If we are not "listening" online - and/or if we don't have an inbound marketing strategy attracting buyers to our website - then the RED arrow in the diagram above will prevail: if we find out about the buyer at all, it will be after they have already framed their problem, solution, and narrowed down their list of prospective service providers. It's very hard to influence the sale at this stage - low percentage return in competing head on with other sales organisations that the buyer may also have contacted.
We need to move from the "red line" to the "green line", which represents early engagement.
So - the question is - how can we be alerted to the fact that a buyer's status quo has been shattered AS SOON AS THEY START SEARCHING AROUND THE PROBLEM?
Getting buyers to find us when they're not looking for us
One approach is to use search engine optimisation (SEO) techniques so that - when the buyer does hit the search engines - a page on our website comes up at the top of the list. This means that your website should NOT be dominated with stories about your company or your products - it's unlikely that the buyer with their new problem will search for us! THEY DON'T EVEN KNOW YET WHAT THEIR PROBLEM IS!
What is important is to outline all of the phrases that you think the buyer might type into the search engine straight after discovering they have a problem - and have a page on your website for each one (see 1st case study in this series). (And - yes - my website is being rebuilt as we speak!)
The SEO game has changed only recently, with the Google's and Microsoft's of the world changing their search algorithms to - in particular - incorporate social media. Well researched keywords are no longer enough - our ability and intent to engage via social media is also now critical.
Being where buyers are
Social media extends to us - and B2B buyers - the opportunity to instantly relate to a range of peers and experts, to discuss problems, talk about solutions etc. The concept of an online "community" is particularly popular, and is championed by the Linkedin's of the world via their Groups construct - or indeed communities can be purpose built to attract specific participants.
In terms of the buyer's journey - by joining or forming groups where our target B2B buyers "hang out", we will be on hand to hear when they're having a problem, as they discuss this within the confines of a forum. Important rule, though, is NOT to "sell" - buyers resent this. Rather - we should provide advice and content to the buyer to assist them frame their problem and identify a solution.
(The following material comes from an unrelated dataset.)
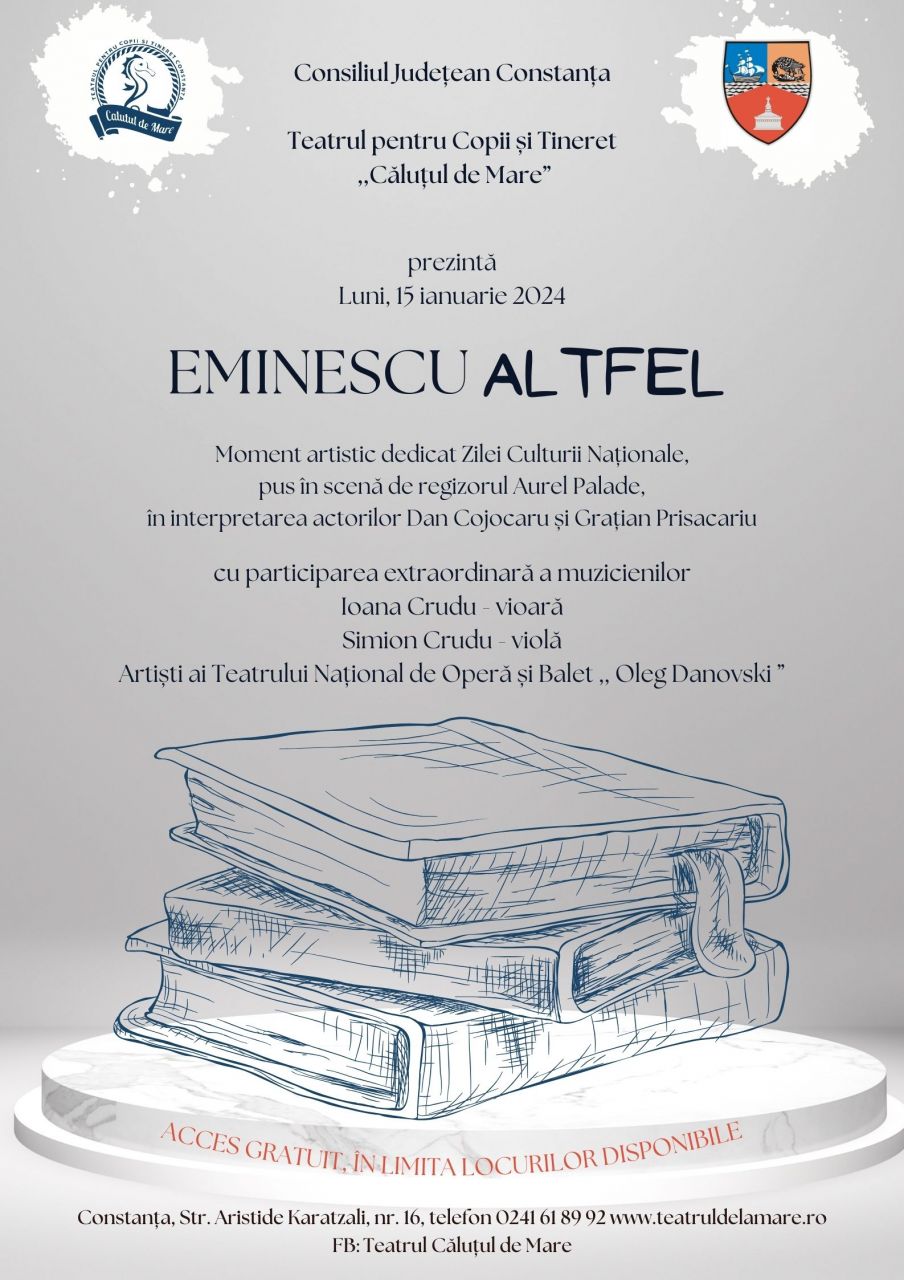 Cu prilejul ZILEI CULTURII NAȚIONALE, Teatrul pentru Copii și Tineret „Căluțul de Mare” vă invită, LUNI, 15 IANUARIE 2024, la un eveniment cultural -artistic și educativ - „EMINESCU ALTFEL”. Momentul artistic este dedicat aniversării a 174 de ani de la nașterea poetului național al României, Mihai Eminescu, „omul deplin al culturii...

If we're seen as "helpful" and "expert", they'll approach us - we won't need to "sell".
Using social media to "listen" for "sales triggers"
"Sales triggers" are things that happen to buyers, that shatter their status quo.
The excellent book SHIFT! explains that there are 3 types of sales triggers:
1 - An unsatisfactory experience with a current supplier (with Twitter being a huge source of expressed disatisfaction)
2 - Some sort of problem in their business (FOCUS an excellent example of a site dedicated to getting problems solved)
3 - A change in job role, or indeed company (B2B folk like to put their "mark" on a new role - with Linkedin automatically sending us these details direct, or conveniently collated by new sites such as IKO System).
However we do it - if we can be alerted to these sales triggers, we have the opportunity to engage early, which has always been the cornerstone of successful selling.
How many opportunities are you missing out on, by waiting for the buyer to contact you after they've diagnosed their own problem, and BY CHANCE has been given a recommendation to contact your organisation?